The Siemens-Schuckert B was an unarmed German two seat reconnaissance biplane built early in World War I. A single example was delivered but soon lost.

==Design and development==
The two seat unarmed B was built in 1915 for reconnaissance duties. It was an equal span, two bay biplane, with straight edged, constant chord wings mounted without stagger. Unusually, the wing spars were made from tubular steel. The wings had parallel pairs of interplane struts, the inner ones with additional diagonal strut cross bracing, and bays laterally conventionally braced with diagonal flying wires. The lower wing was joined to the lower fuselage longerons and the upper wing supported over the fuselage on a pair of outward leaning N-form struts from the upper fuselage; a fully semi-circular cut-out in the upper trailing edge improved the pilot's upward vision.

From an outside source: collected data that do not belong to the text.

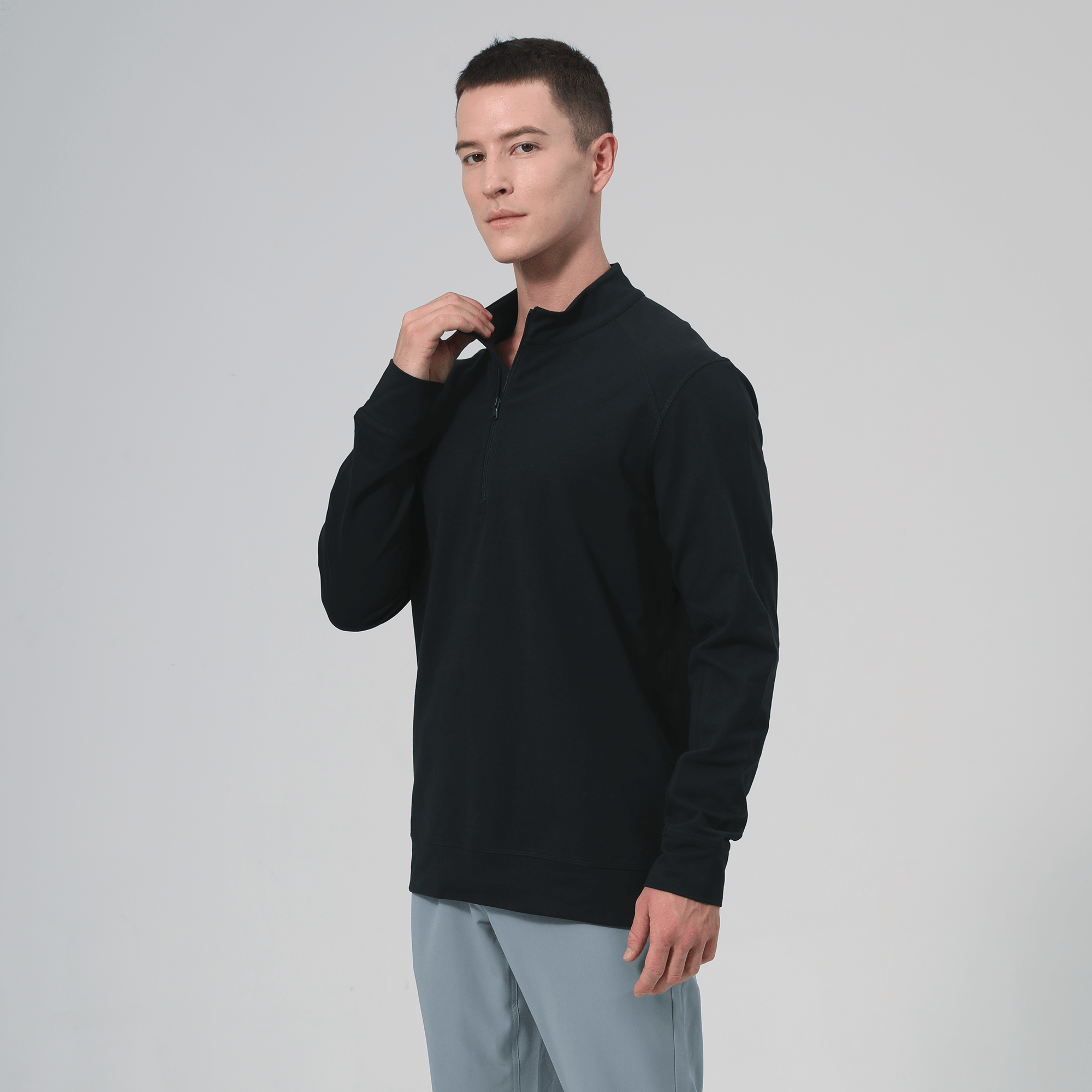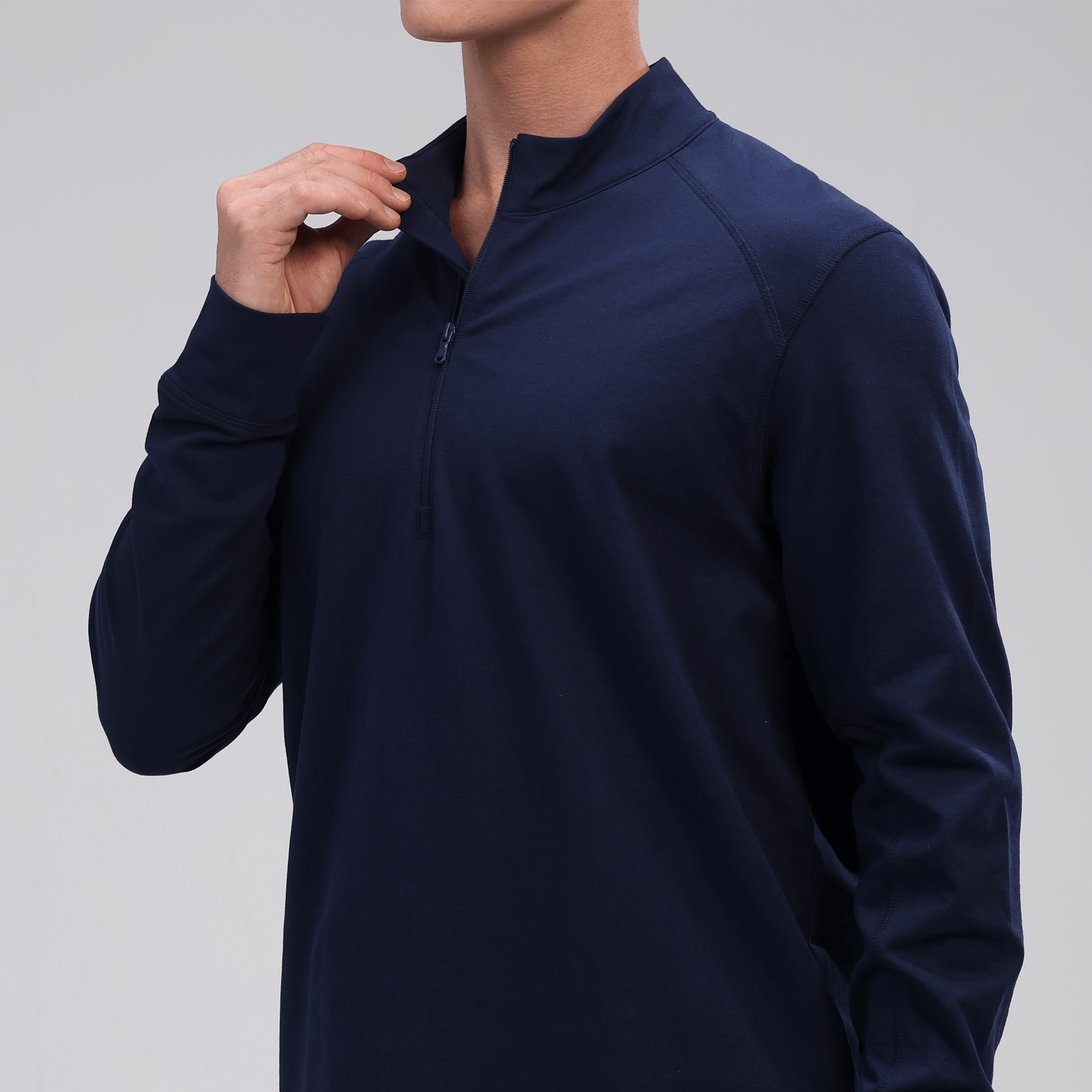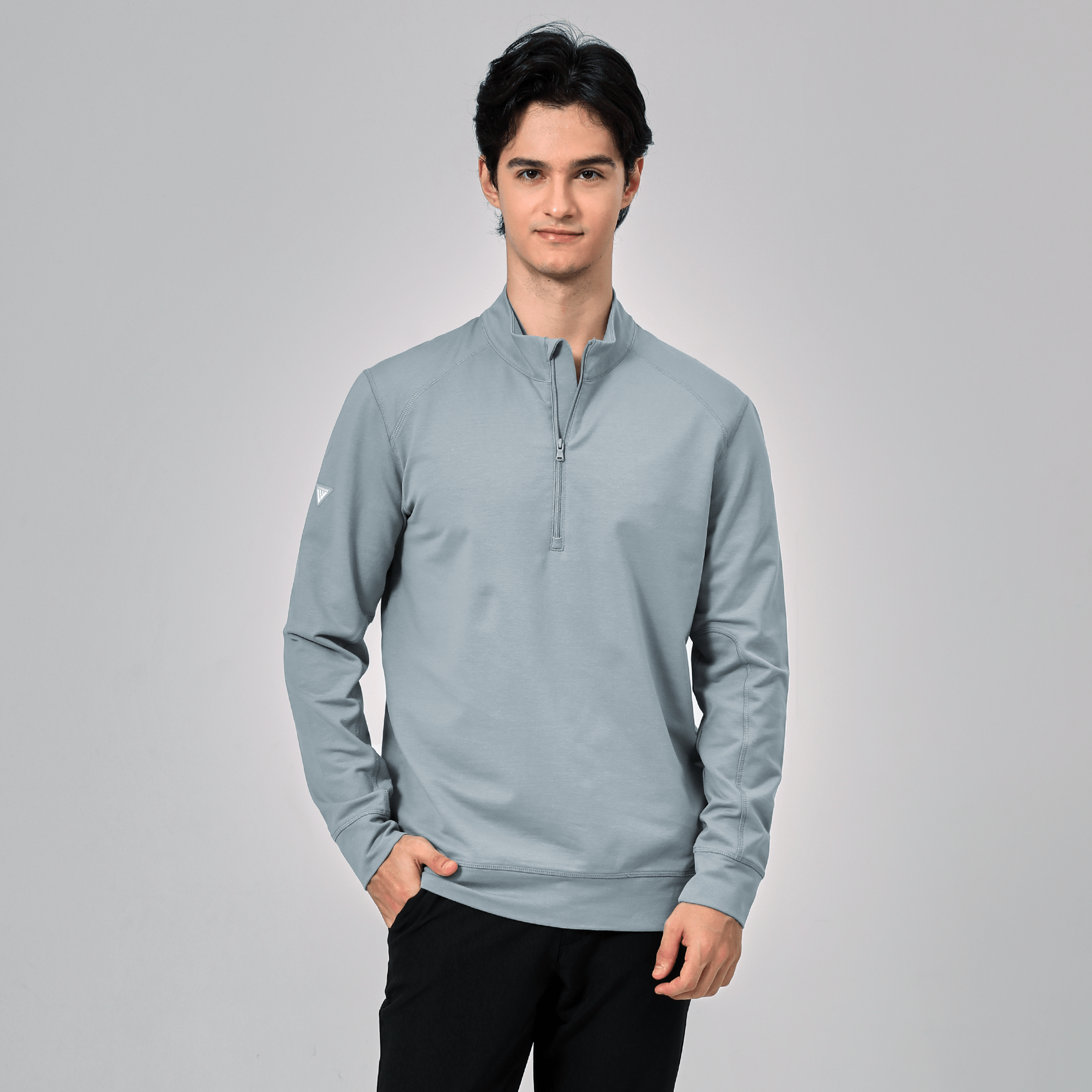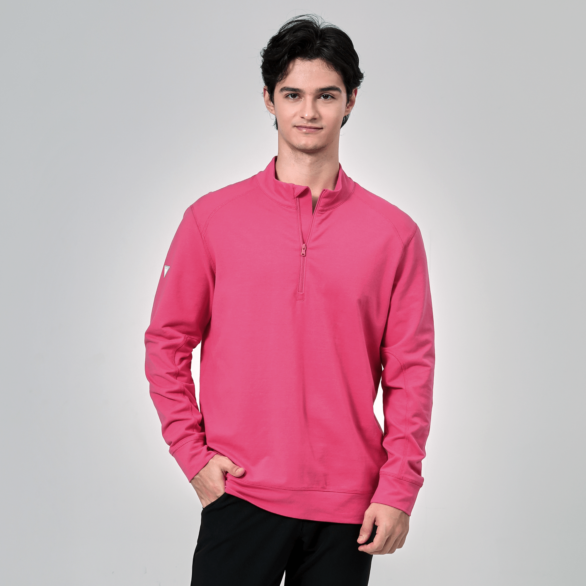 The Upright midlayer is a versatile and comfortable option for layering, designed with performance and style in mind. Featuring a quarter-zip with a stand-up collar, it offers easy adjustability for temperature control, while the flatlock stitching throughout enhances durability and creates a sleek, clean finish. Raglan sleeves provide a full range of motion, making it perfect for active wear, and the ribbed cuffs ensure a snug and comfortable fit. Made from a blend of 70% cotton, 25% polyester, and 5% elastane, this midlayer combines softness, flexibility, and breathability for any occasion, whether you're headed to the golf course or just on the move.
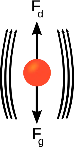 Em um objeto em queda livre, por exemplo, a resistência do ar provoca no corpo uma força de arrasto (Fd) dirigida para cima, que aumenta o seu módulo conforme o objeto ganha velocidade. Em determinado instante da trajetória sua velocidade fará com que a força de arrasto se iguale à força da gravidade (Fg), que estará agindo sobre o objeto no sentido oposto (para baixo). Atinge-se a velocidade terminal no momento em que a força de arrasto contrabalança a força gravitacional, fazendo com que o objeto caia sem aceleração com uma velocidade constante.[1]
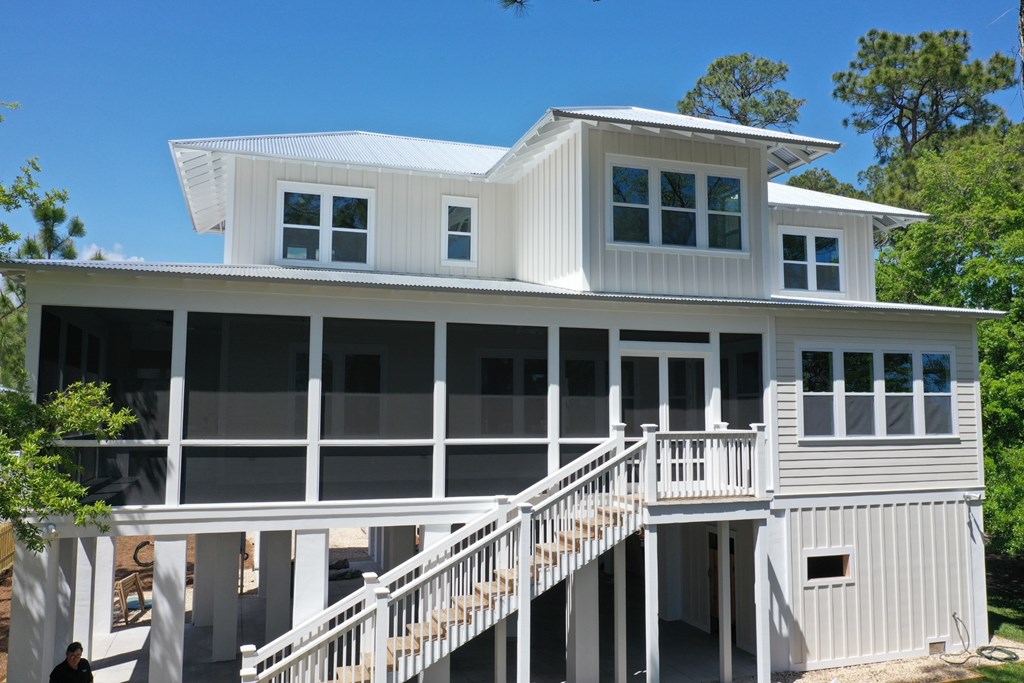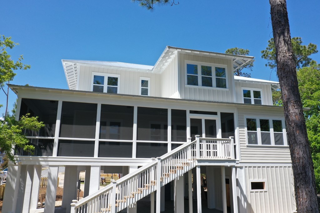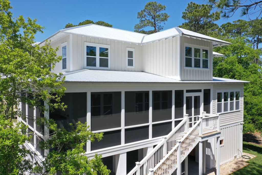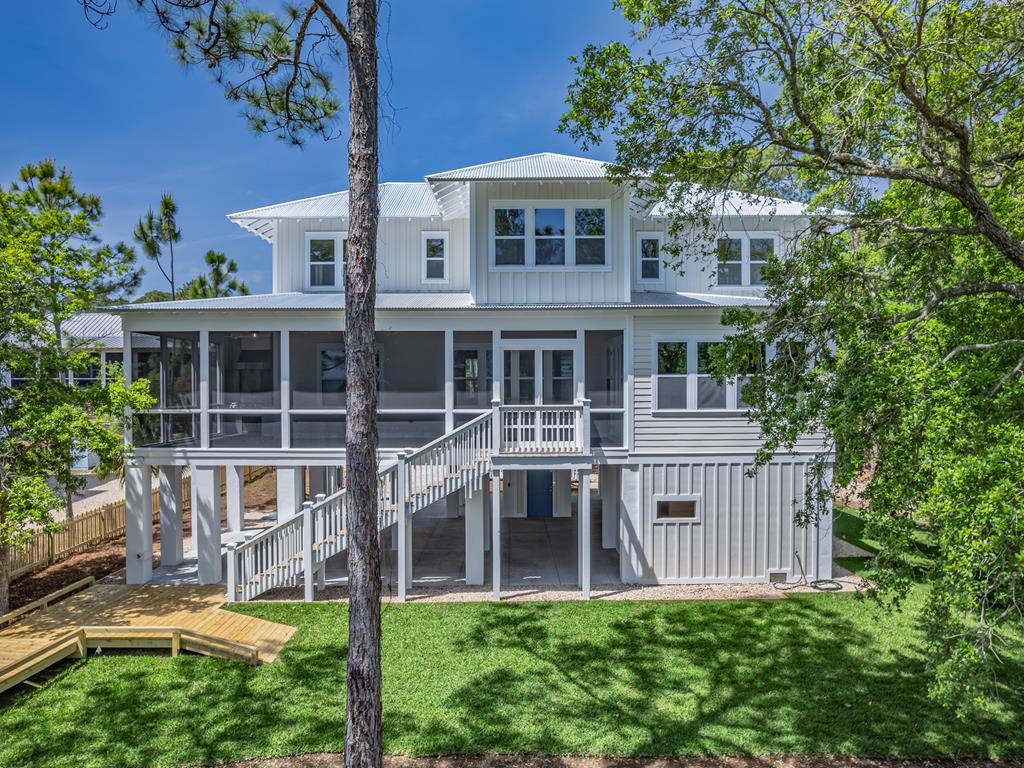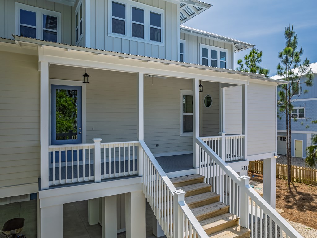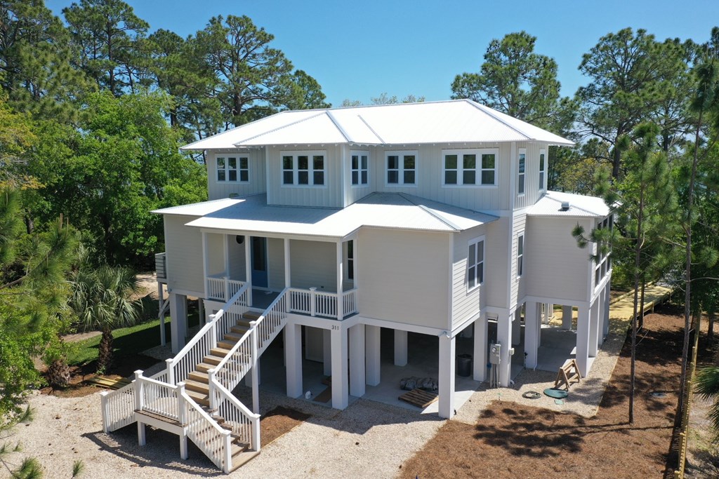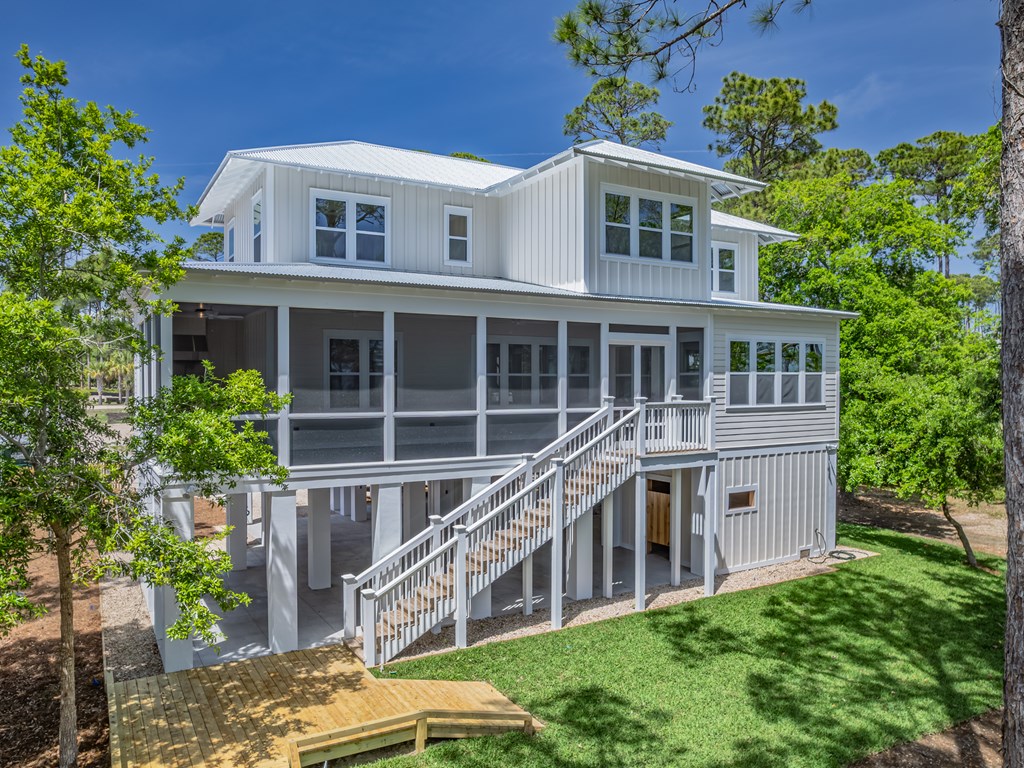 Welcome to 311 Trails End Way, the crown jewel of SummerCamp Beach in St. Teresa, Florida. Set on an extraordinary 1.27-acre Gulf-front homesite with 137 feet of prime white sandy beach frontage, this newly constructed coastal retreat offers a rare combination of luxury, privacy, craftsmanship, and timeless Old Florida character. Designed as an homage to the classic Florida coastal cottages, this exceptional residence lives like a modern masterpiece. Spanning approximately 2,500 square feet, the home features 4 bedrooms, 4 full bathrooms, and 1 half bath, with panoramic Gulf views from every bedroom and every main living space. With no neighboring home and permanently conserved land to the east, the property enjoys forever-protected views, unmatched privacy, and an irreplaceable sense of serenity. Inside, the quality is immediately evident. Genuine 3/4-inch pine floors run throughout, while the main living areas are wrapped in rich tongue-and-groove pine walls, creating warmth, texture, and authentic coastal charm. The builder reportedly reserved this wood for years waiting for the right home—and it shows. The kitchen is beautifully appointed with quartz countertops, stainless steel GE appliances, and a wine refrigerator, while the bathrooms feature granite countertops for a refined finish. Outdoor living is equally impressive. A 12-foot-wide screened porch stretches across the Gulf side of the home and is complete with an outdoor kitchen, creating the perfect setting for dining, entertaining, or simply taking in the breeze and endless water views. Additional highlights include a 3-stop elevator, outdoor shower, insulated vinyl windows, and easy access to the community pool just a short walk away. This is a rare opportunity to own a distinctive luxury beachfront home in St. Teresa, Florida—where authentic Old Florida style meets elevated modern coastal living.
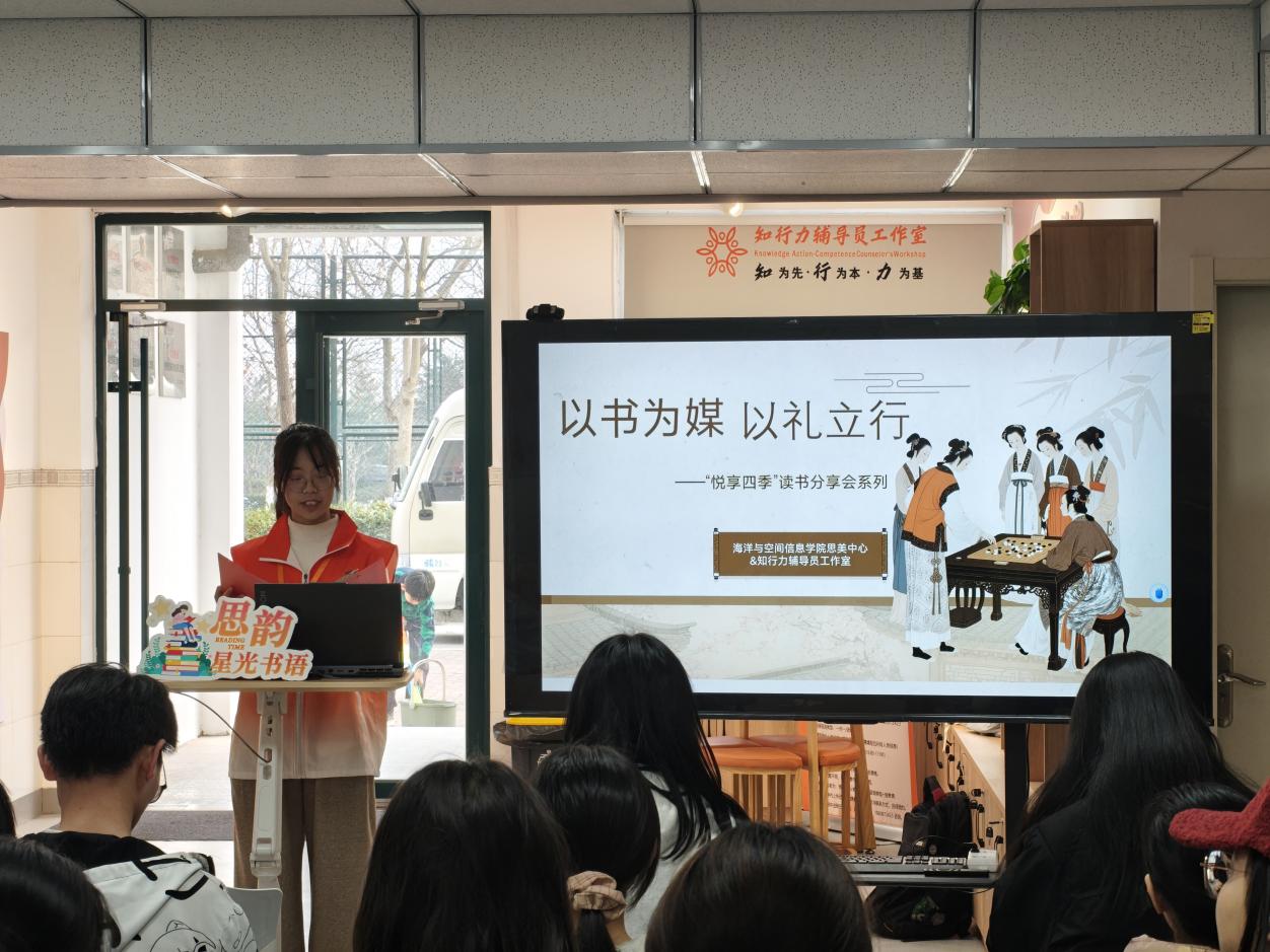 习近平总书记指出:“中华文明源远流长、博大精深,是中华民族独特的精神标识,是当代中国文化的根基。” 礼仪文明作为中华优秀传统文化的重要组成部分,承载着“人无礼则不生,事无礼则不成”的千年智慧。为引导大学生将礼仪文明的精神内核,转化为校园生活中的得体言行,进一步构建“心・行・象・格・智”大学生五阶成长体系,2025年12月7日,海洋与空间信息学院思美研究中心联合学校知行力辅导员工作室,在一站式学生社区服务中心成功举办“以书为媒,以礼立行”礼仪文化读书分享会。

The B was powered by a 110 hp Siemens-Halske Sh.I nine cylinder rotary engine, driving a two blade propeller and housed within a partially enclosing, oil deflecting cowling. Behind it the fuselage was flat sided. The aircraft had a conventional undercarriage with mainwheels on a single axle supported on V-form struts.

The sole B built was delivered to the communications centre at Ostend. After it crashed, some parts were retrieved and used by Siemens-Schuckert in the construction of the E.II monoplane.